▶ [Dataset excerpt]:

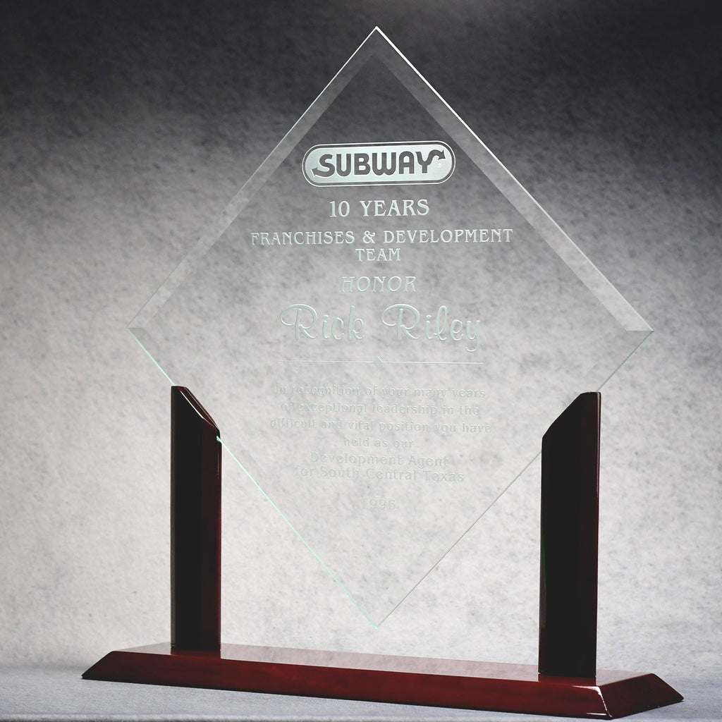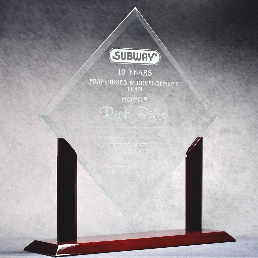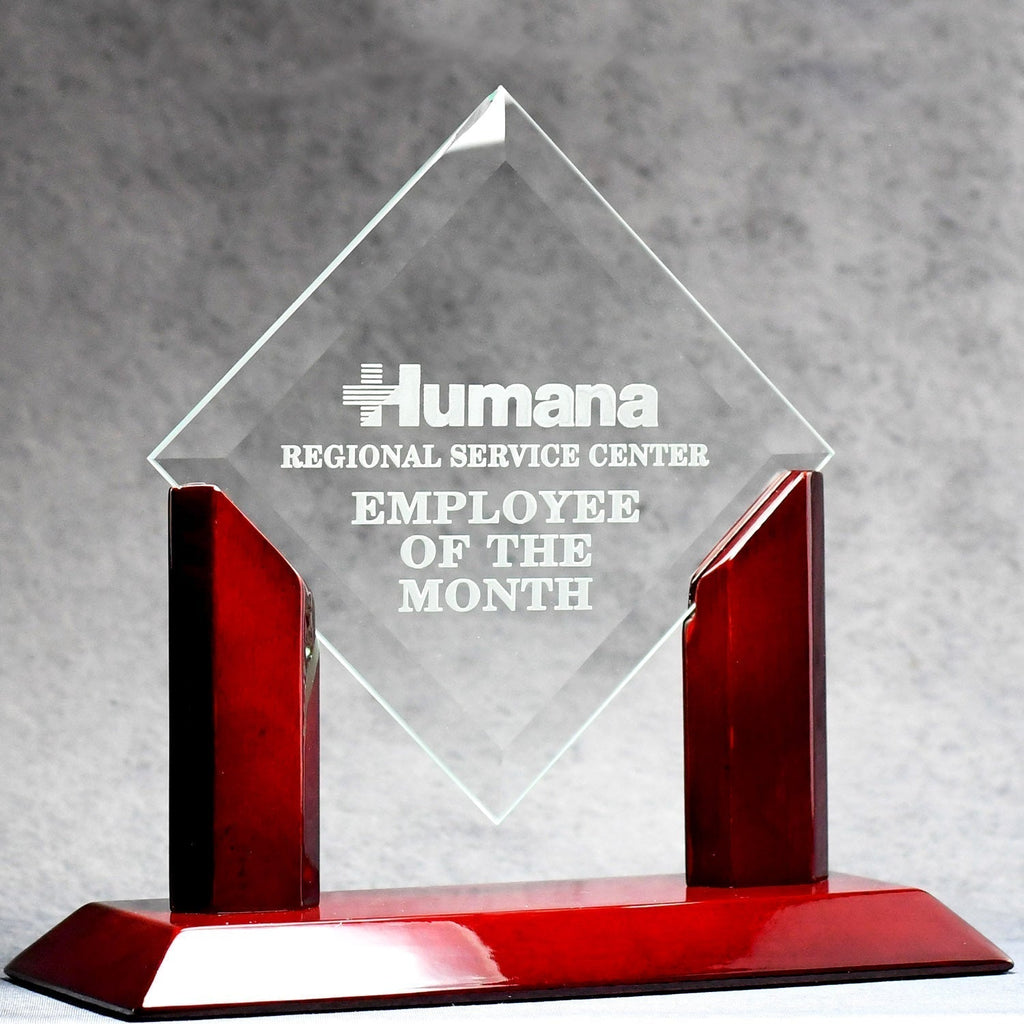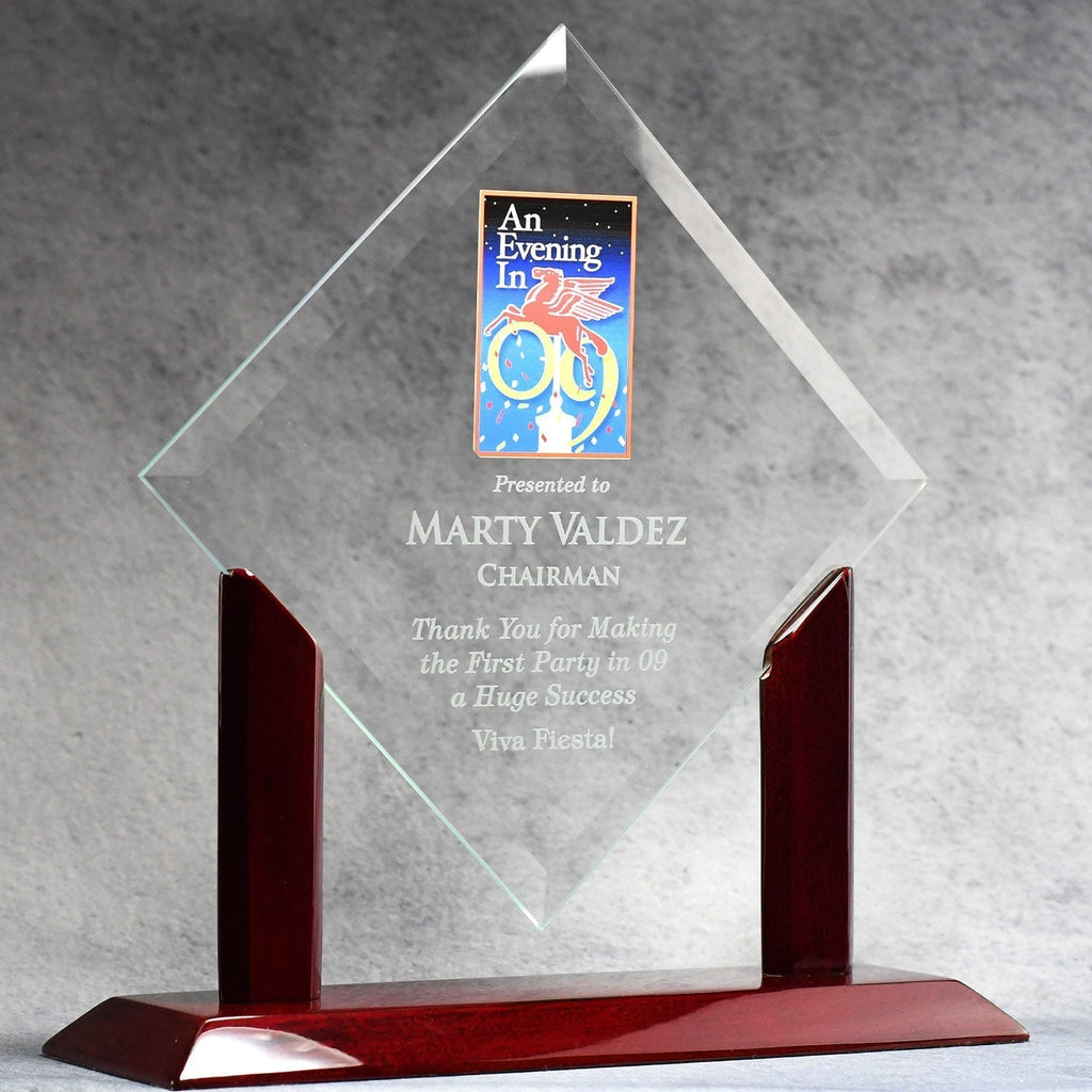 Appreciate the effort of your peers and award them with a unique gift that will be remembered for years to come. This stunning trophy features a hand-crafted Jade crystal with soft green highlights. It sits atop a rosewood-finished piano wood base.
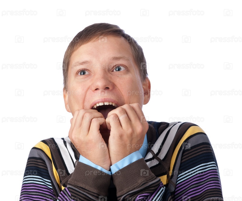 Шокированный молодой человек изолировался на белом фоне
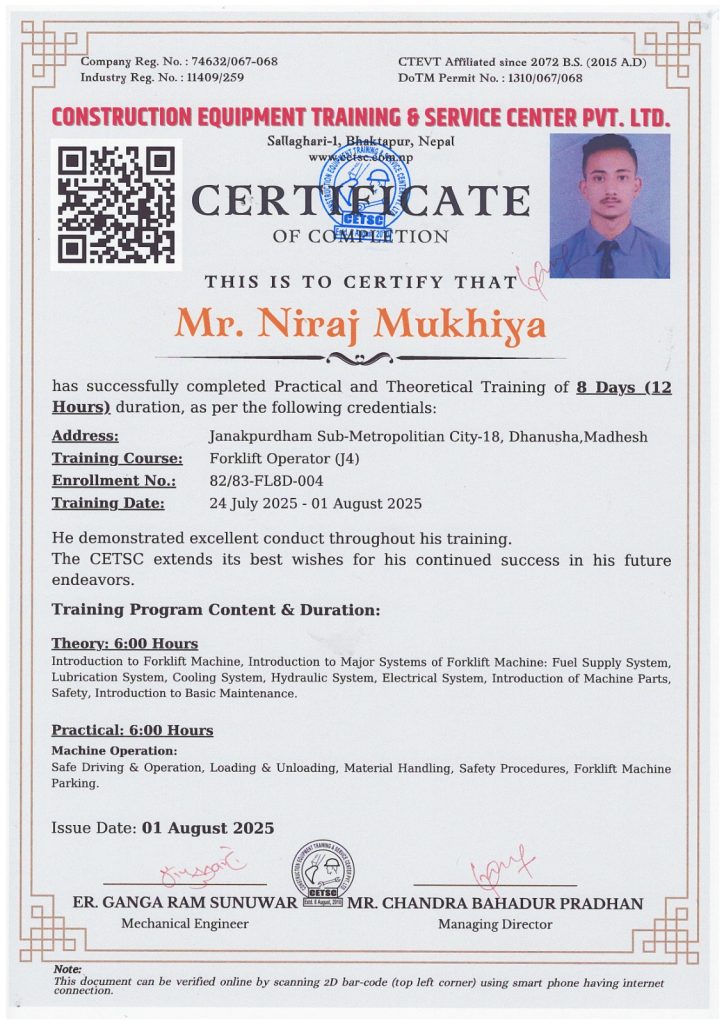 Full Name: Mr. Niraj Mukhiya Father's Name: Mr. Ram Prasad Mukhiya Date of Birth: 1999 June 20 Enrollment No.: 82/83-FL8D-004 Address: Khathekhola Rural Municipality-03, Baglung, Gandaki Training Course: Forklift Operator (J4) Training Duration: 8 Days (12 Hours) Training Date: 24 July 2025 - 01 August 2025 Forklift (J4) Licensed (Yes/No): - License No.: -

▶ [Your task]:
Exactly as written, copy out the listing, but without any pictures.

▶ [Response area]:
 Appreciate the effort of your peers and award them with a unique gift that will be remembered for years to come. This stunning trophy features a hand-crafted Jade crystal with soft green highlights. It sits atop a rosewood-finished piano wood base.
 Шокированный молодой человек изолировался на белом фоне
 Full Name: Mr. Niraj Mukhiya Father's Name: Mr. Ram Prasad Mukhiya Date of Birth: 1999 June 20 Enrollment No.: 82/83-FL8D-004 Address: Khathekhola Rural Municipality-03, Baglung, Gandaki Training Course: Forklift Operator (J4) Training Duration: 8 Days (12 Hours) Training Date: 24 July 2025 - 01 August 2025 Forklift (J4) Licensed (Yes/No): - License No.: -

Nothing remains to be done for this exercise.